— Exercise instructions —
Print nothing but the lines below starting at the line that holds "- 縱向高度:通過升降封切裝置或調(diào)整熱收縮隧道高度,適配 20-300mm" and ending at the line that holds "They were in", including both, each exactly as written.

— Supplied material —
▬▬▬

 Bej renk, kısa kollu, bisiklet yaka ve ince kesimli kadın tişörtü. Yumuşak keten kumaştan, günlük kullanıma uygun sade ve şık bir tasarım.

▬▬▬

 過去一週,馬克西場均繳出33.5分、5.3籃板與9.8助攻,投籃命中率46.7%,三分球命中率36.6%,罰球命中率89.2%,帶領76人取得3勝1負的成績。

▬▬▬

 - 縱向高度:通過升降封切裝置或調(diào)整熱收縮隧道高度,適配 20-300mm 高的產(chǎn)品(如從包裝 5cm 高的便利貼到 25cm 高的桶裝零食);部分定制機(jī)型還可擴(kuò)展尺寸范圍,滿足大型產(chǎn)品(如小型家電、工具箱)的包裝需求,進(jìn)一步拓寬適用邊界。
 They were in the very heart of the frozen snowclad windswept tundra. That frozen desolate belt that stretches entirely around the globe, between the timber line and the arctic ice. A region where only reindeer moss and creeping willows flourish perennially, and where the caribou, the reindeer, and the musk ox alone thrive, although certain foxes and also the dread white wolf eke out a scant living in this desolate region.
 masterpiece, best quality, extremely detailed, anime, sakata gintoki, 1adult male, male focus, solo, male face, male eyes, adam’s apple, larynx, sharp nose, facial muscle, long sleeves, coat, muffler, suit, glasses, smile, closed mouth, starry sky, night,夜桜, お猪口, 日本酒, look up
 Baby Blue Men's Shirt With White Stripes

▬▬▬

— Answer area —
 - 縱向高度:通過升降封切裝置或調(diào)整熱收縮隧道高度,適配 20-300mm 高的產(chǎn)品(如從包裝 5cm 高的便利貼到 25cm 高的桶裝零食);部分定制機(jī)型還可擴(kuò)展尺寸范圍,滿足大型產(chǎn)品(如小型家電、工具箱)的包裝需求,進(jìn)一步拓寬適用邊界。
 They were in the very heart of the frozen snowclad windswept tundra. That frozen desolate belt that stretches entirely around the globe, between the timber line and the arctic ice. A region where only reindeer moss and creeping willows flourish perennially, and where the caribou, the reindeer, and the musk ox alone thrive, although certain foxes and also the dread white wolf eke out a scant living in this desolate region.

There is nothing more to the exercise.